The problem is, who is responsible for these functions, particularly in a post-agrarian reform era? Who should (must) play the role of Frank Knight’s entrepreneur, that residual claimant after all factors of production have been paid? Small farmers themselves will protest that, being on the margin of subsistence, they have access to neither credit, nor technology, nor markets to organize things for themselves. Nor is it reasonable to expect people like Frux Llana or other small businesses to do the job: they are saddled with their own problems.
That leaves only the large-business sector, the government, and private philanthropy. None of these is without its own problems. For starters, neither the government nor philanthropy has any core competence in organizing production or markets.
As for big business and finance, the temptation to construct malls, condos and expressways, and the lucre from car and housing loans must seem eminently more compelling than the prospect of having to deal with hundreds of fractious small producers, scheming local governments, and ransom-seeking insurgents — and for what result?

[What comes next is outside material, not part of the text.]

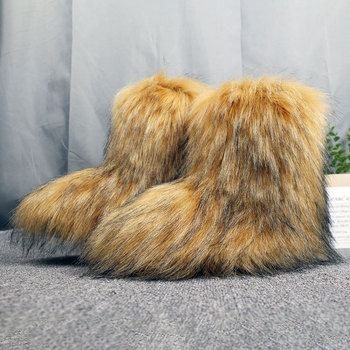 Bán Buôn Phụ Nữ Giày Mùa Đông Faux Lông Khởi Động Phụ Nữ Fluffy Ấm Sang Trọng Giày Dép Cô Gái Lông Lông Bottes Giày Thời Trang Giày Tuyết Khởi Động

Peanuts. (Sorry, couldn’t resist that.)
There are, of course, exceptions. Intrepid business people like Messrs. Senen Bacani, John Perrine, and Philip Soliven have managed to thrive in challenging areas by working with local leaders or organized cooperatives. Corporations like Jollibee and Nestlé have their own versions of working around the problem of dispersed ownership among small producers, which has undoubtedly made it more difficult to achieve the organization of large-scale output.
In all cases, what has invariably worked is a combination of social preparation, reliable local leadership, and a large established business partner.
At least thus far, these appear to provide the ingredients needed to overcome Coasian transactions costs and form either markets or lasting relationships.
But these exceptions are well known because they are so few. They are also fraught with implicit costs and draw on scarce and unique talents, so the question remains whether they are replicable on any wider scale or are just freaks of nature. Until that is settled, Mrs. Llana will just have to source her peanuts from Vietnam and China.
And in the meantime the only value-added local peanut producers can expect is from those vendors whose pushcarts-cum-stoves artfully dodge Manila traffic to serve up fresh-boiled peanuts on demand. No moisture content problem there.